Alerts are ranked by urgency based on the severity of the anomaly, the rate of change, and the potential impact. A sudden 8% attendance drop at one school ranks higher than a gradual 2% shift district-wide — not because 2% doesn't matter, but because the sudden change is more likely to be addressable with immediate intervention.
Each alert is routed based on the recipient's role. A building principal sees alerts for their school. A district attendance coordinator sees attendance alerts for every building. A CFO sees finance-related alerts. No one is buried in notifications that aren't relevant to their work.
What It's Not
The Decision Engine does not make decisions for administrators. It doesn't reassign staff, change budget allocations, or enroll students in intervention programs. Those are human decisions that require human judgment, local context, and the kind of relationship knowledge that no system can replicate.

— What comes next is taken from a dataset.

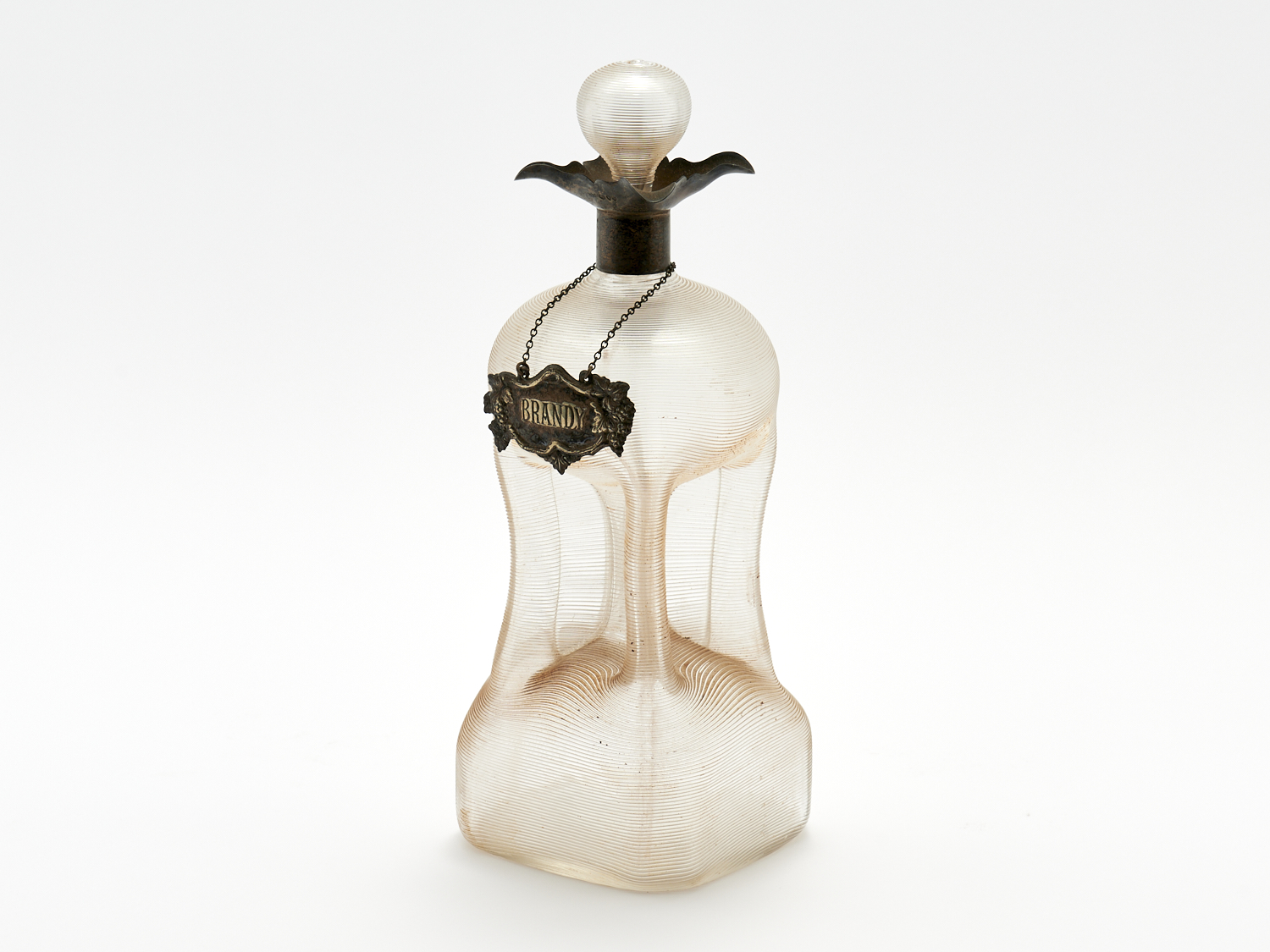 AN ANTIQUE TEXTURED GLASS DECANTER WITH BRANDY LABEL H.30CM , LEONARD JOEL DELIVERY SIZE: SMALL

What it does is change the sequence. Instead of discover-then-investigate-then-act, the workflow becomes investigate-then-act — because the discovery already happened, automatically, the night the pattern emerged.
Administrators can dismiss alerts they've reviewed, mark them for follow-up, or escalate them to a colleague. Every alert includes a "Why am I seeing this?" explanation that describes the specific data pattern that triggered it, in plain language, with links to the underlying data for anyone who wants to verify or explore further.
Closing the Timing Gap
The districts we work with don't lack information. They have more data than any prior generation of school administrators has ever had access to. What they lack is time — time to review it all, time to spot the patterns, time to connect a trend in one system to an implication in another.
The gap between knowing and doing in K-12 isn't an information gap. It's a timing gap. The data that would have changed a decision in October is sitting in a system that no one queries until January. The funding trend that should have triggered outreach in September gets discovered in November, after the snapshot date has passed.
The Decision Engine closes that gap. Not by replacing the people who make decisions, but by making sure they see the right patterns at the right time — before a trend becomes a crisis, before a deadline passes, before the students who needed help four months ago are four months further behind.
Because the data was always there. The question was always whether someone would see it in time.